The Demise of Artificial Trans Fat: A History of a Public Health Achievement, 2021 Aug 3
“In the 1950s, clinical studies provided the first evidence that partially hydrogenated fats raised blood lipid levels. …
In 1980, a questionnaire designed to assess the major sources of trans fat in the diet was sent to a prospective cohort of more than 90,000 women, the Nurses’ Health Study. A decade later, the researchers found that women who consumed the most trans fat (5.7 grams/day) had a 35% higher risk of coronary heart disease (CHD) than did women with the lowest intake (2.4 grams/day).
Throughout the 1990s, evidence of the harm of trans fat grew.
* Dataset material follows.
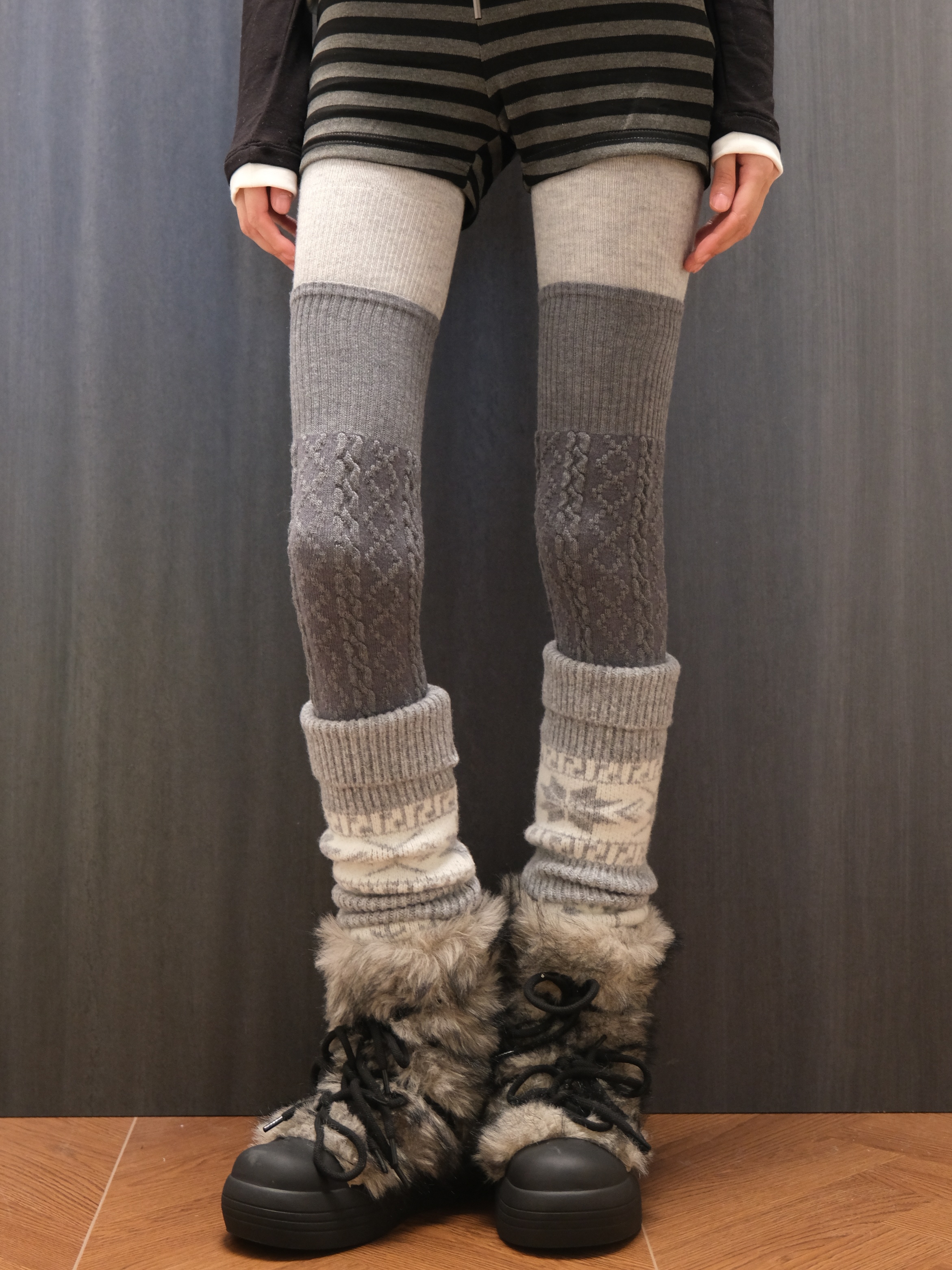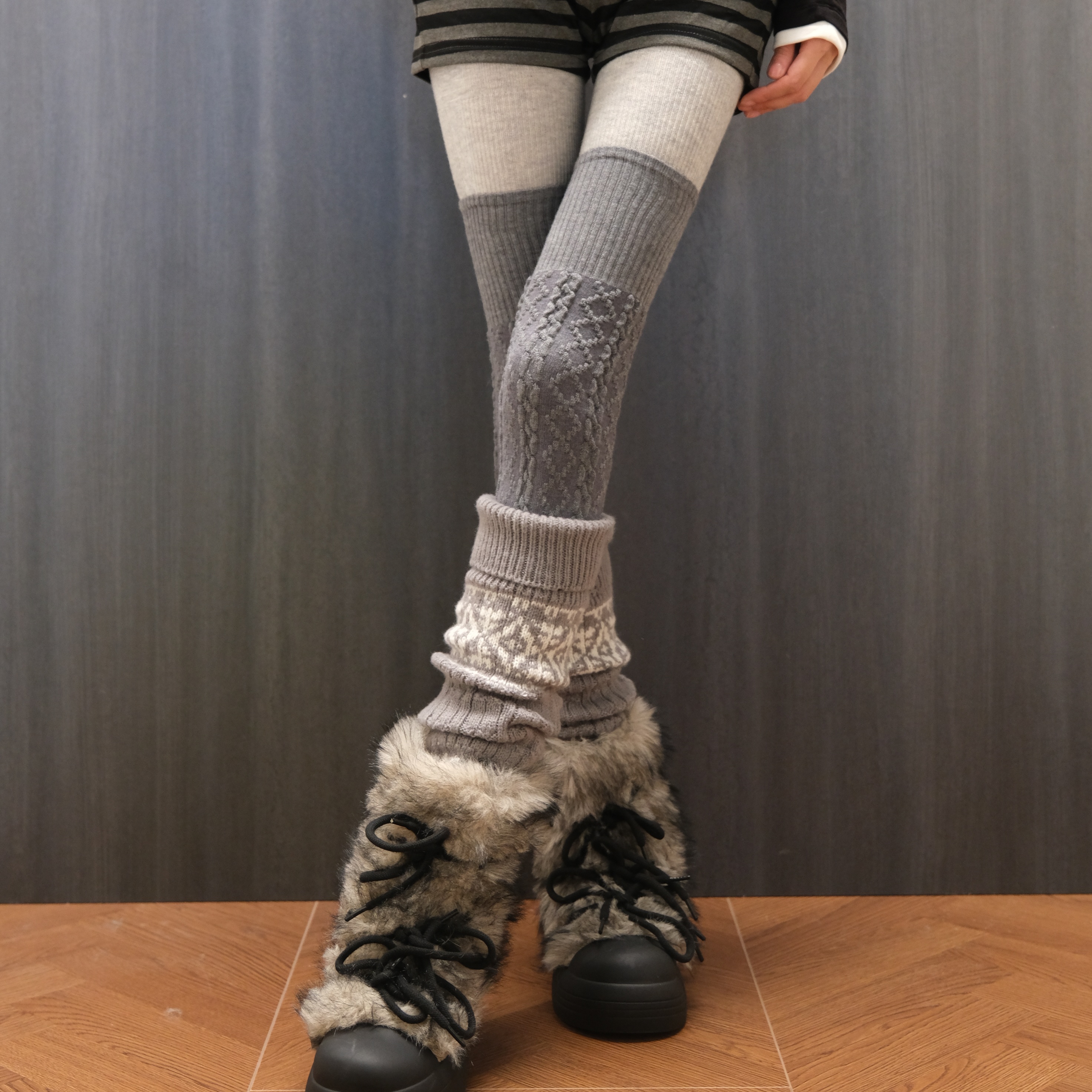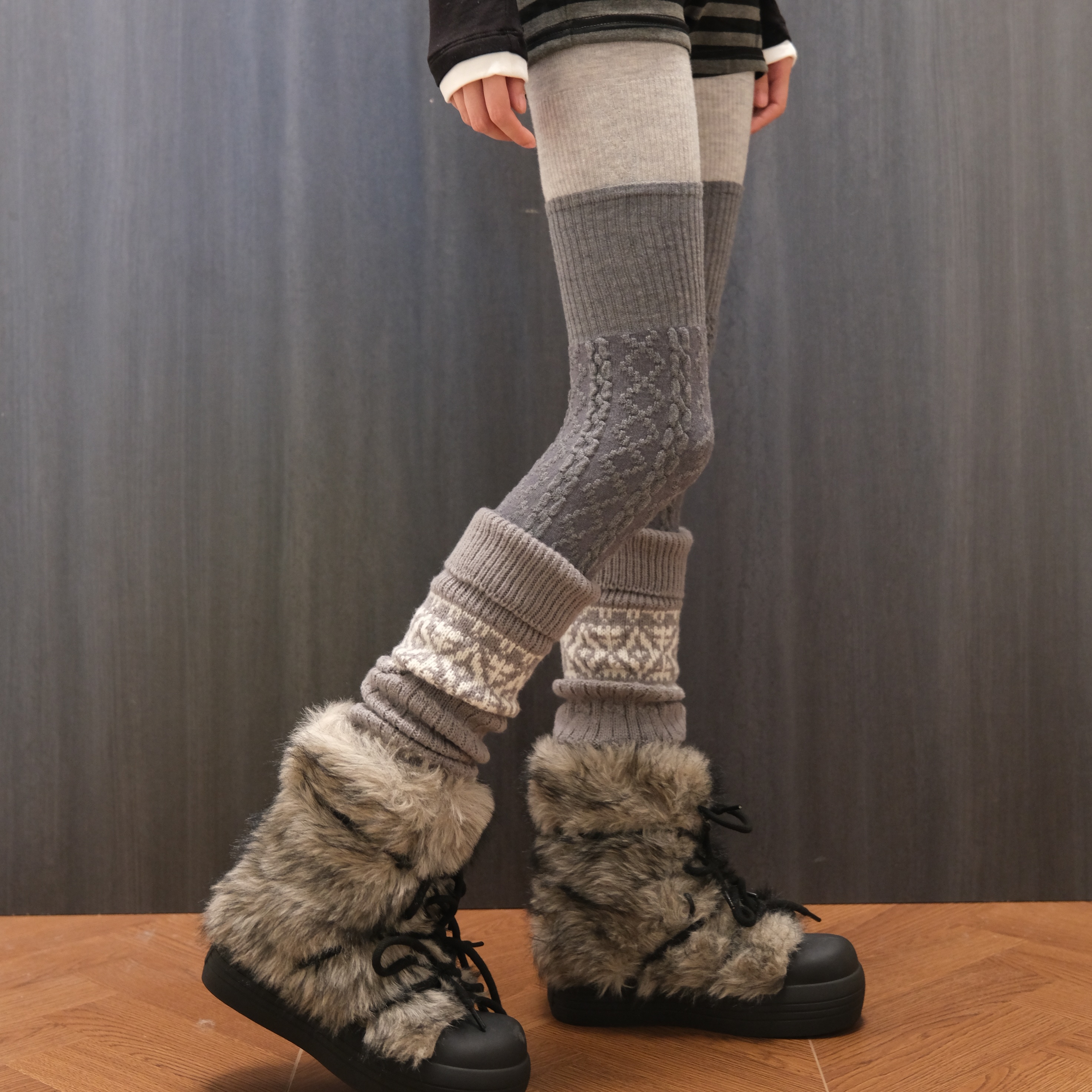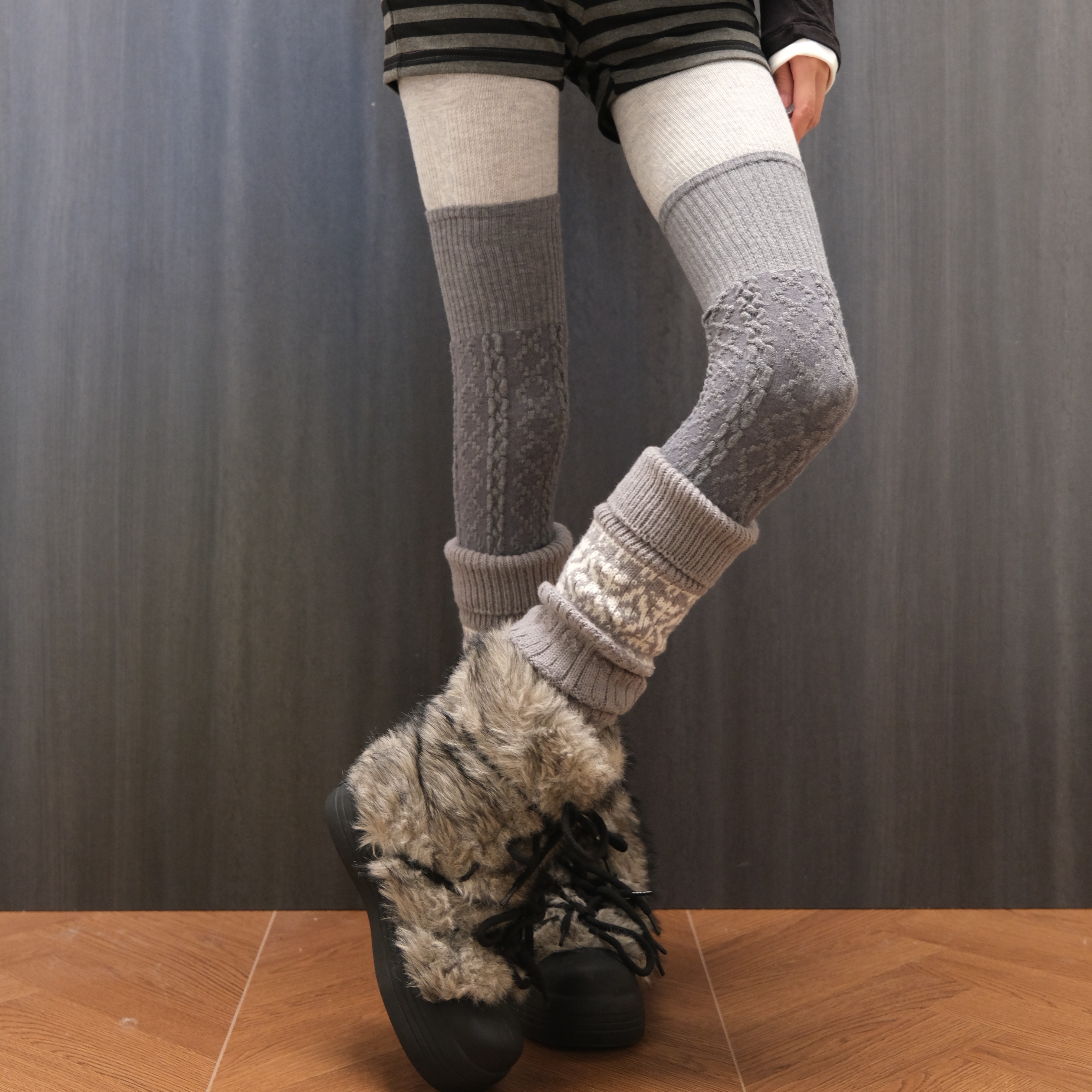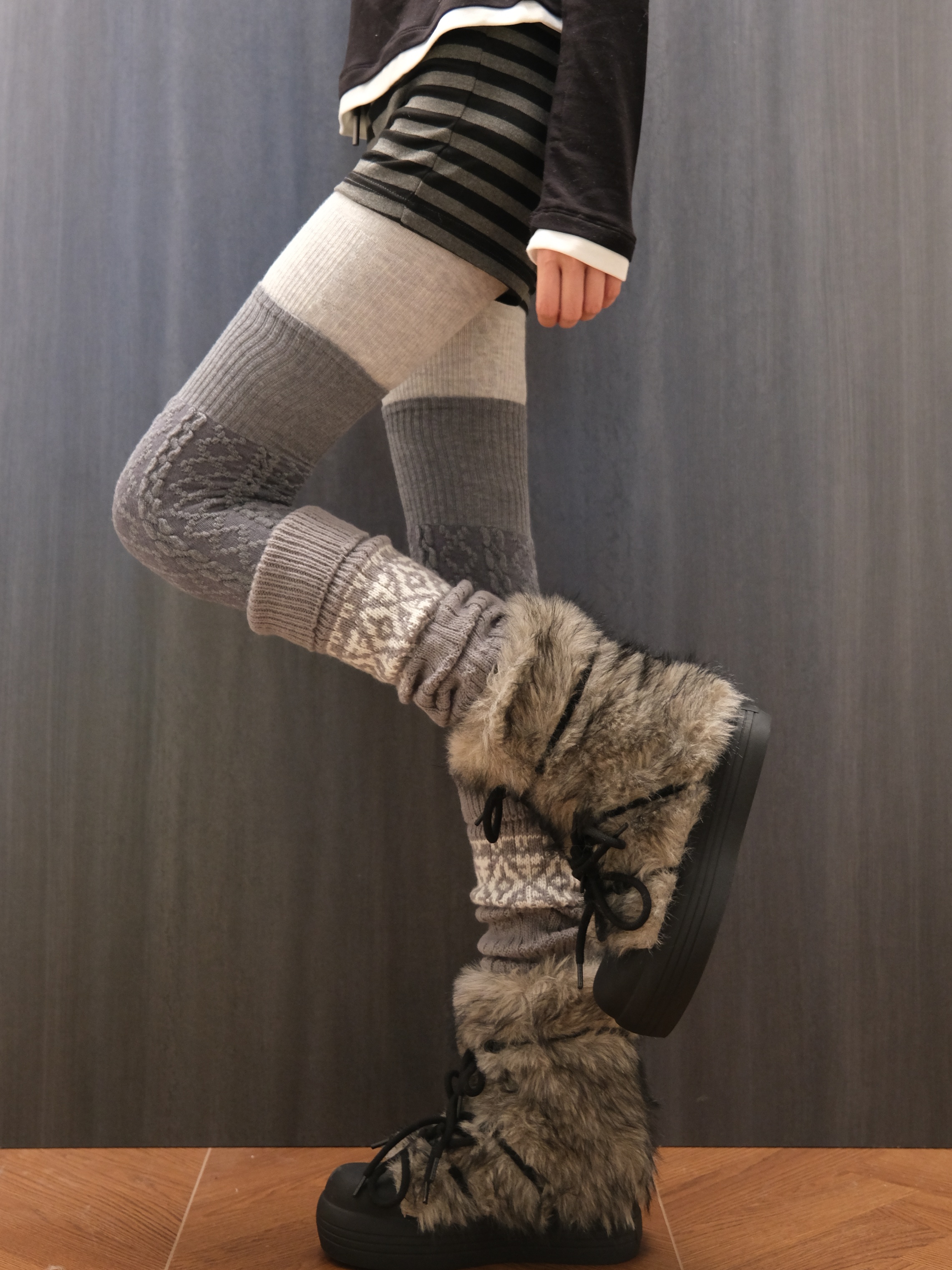 Winter in Hokkaido: Fair Isle Socks Layered over Knee-High Cable Knit Dark Gray Over-The-Knee Socks Paired with Plush Snow Boots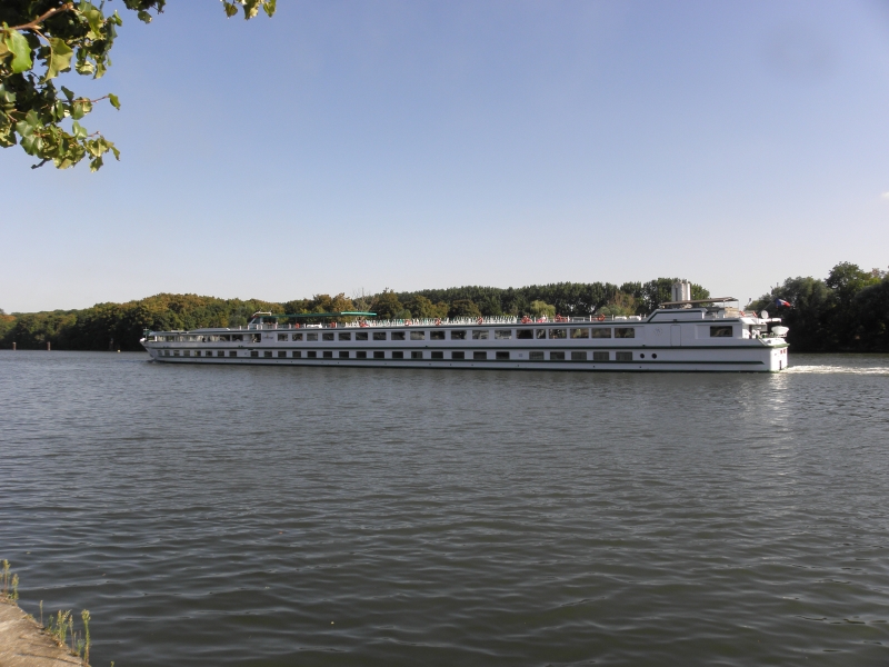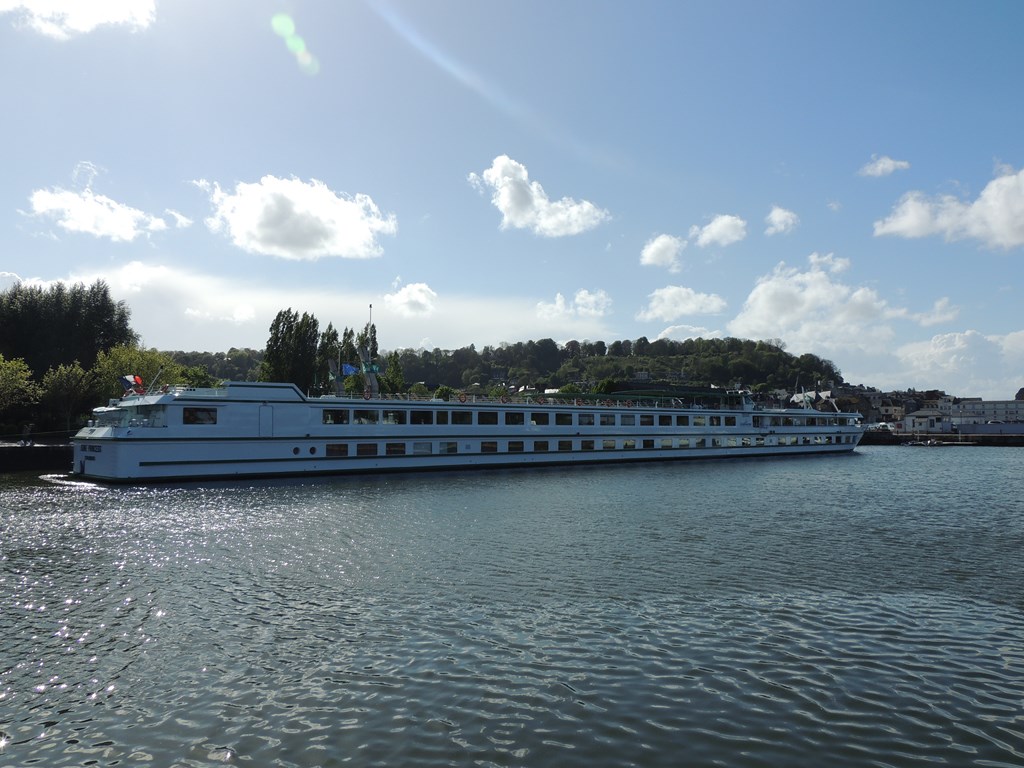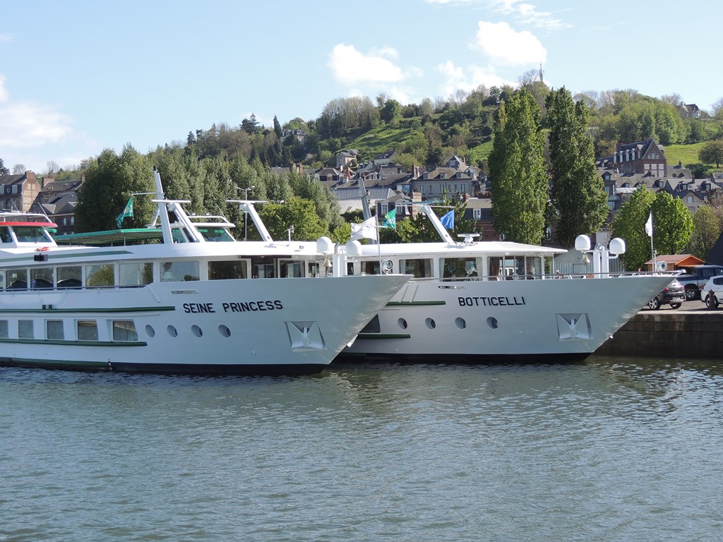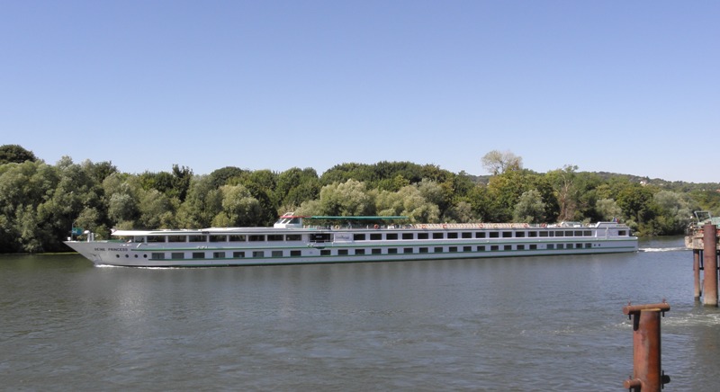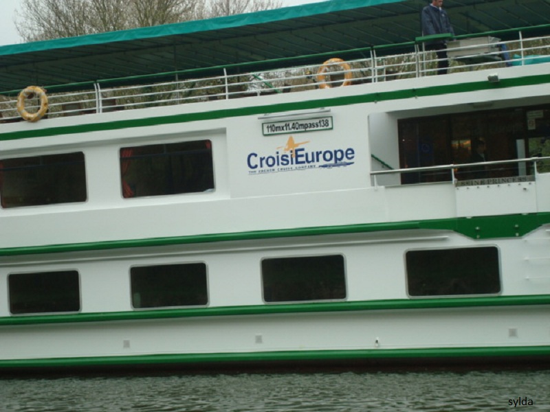 Le bateau effectuant le trajet Fos/le Havre avec lui devait etre le Cezanne (118,75 X 11,40) a Peter Deilmann,pavillon allemand.Par contre je ne sais pas lequel des deux est reste sur la Seine.

Three additional prospective cohort studies also linked higher trans fat consumption to an increased risk of CHD. Longer follow-up data from the Nurses’ Health Study confirmed the initial findings, demonstrating that the participants’ higher intake of trans fat, ascertained through food frequency questionnaires and blood samples, predicted a higher risk of CHD. Together, these studies found a 23% higher risk of CHD for each 2% increase in energy intake from trans fat. An additional analysis of prospective cohort studies concluded that consumption of trans fats was linked to significantly elevated risks for all cause mortality, CHD mortality, and total CHD incidence. …
Responding to strong advocacy from its nutrition research community, Denmark effectively banned artificial trans fat from its food supply in 2003. …
In 2015, following a period for comment on its proposal, the FDA revoked the GRAS status of PHO, giving industry three years to eliminate it.”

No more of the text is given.